We also asked respondents to reflect on the growth questions and tell us more about which groups had the greatest potential to impact growth and what their organizations should do to start supporting that growth. A total of 133 comments were received in response to this question (note that some people said “I don’t know”).

Of those, a total of 100 comments, or 75%, of the comments directly focused on people or human resource management issues.

Respondents talked about hiring new people, replacing people, getting rid of certain people, providing training to employees, getting help for leaders so they can be better prepared to lead, aligning employee behaviors with strategies, adjusting compensation, setting more difficult goals, demanding skills such as listening to the customers, teaching employees about quality, listening to employees to get more information about opportunities, changing the way teams work together, and more.

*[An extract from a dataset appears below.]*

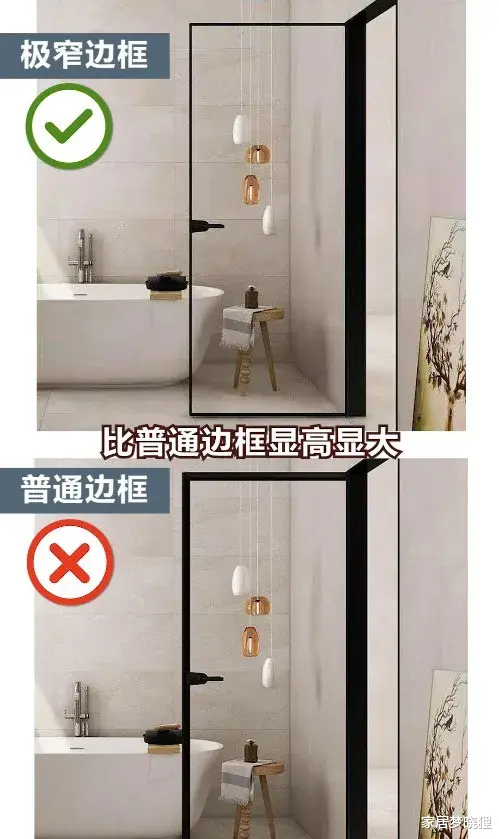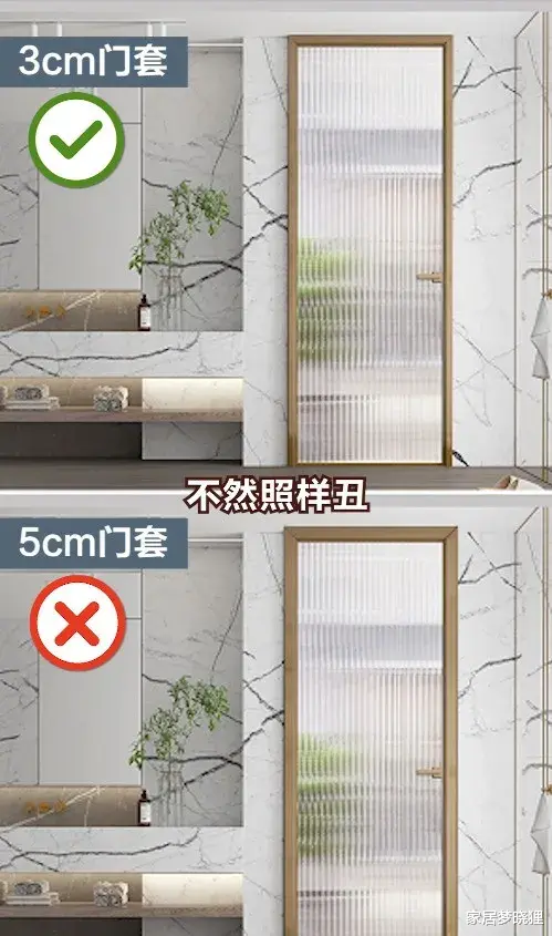 注意要问商家【门套】是多少,门套3cm的长虹玻璃极窄门会比较好看,比普通边框显高显大。超过4cm,照样丑。

Lastly, I ran a regression analysis, using the respondent’s self reports of their organization’s overall financial performance (when compared to other firms in their industry of the same size). In this analysis, I found that the only significant variable in predicting performance is the human resource factor, with firms that have the greatest gap between future potential and current performance being the ones those that have the lowest performance.

Although self rating is not the best “scientific” data point, combining the regression equation with the comment data suggests that there may be secret potential for growth in the “people factor.”

However, the question these analyses beg is:

If 75% of leaders’ suggestions on how to jump start growth deal with people management issues and the predictive analyses show people management may be the key to success, then why are the HRM department scores so low on both growth potential and performance?

When I do survey work, I teach that we should be in “search of deviation.” That means we should look for things that don’t make sense at first glance and then use that data to create a dialogue so that you can dig into details and find opportunities for improvement.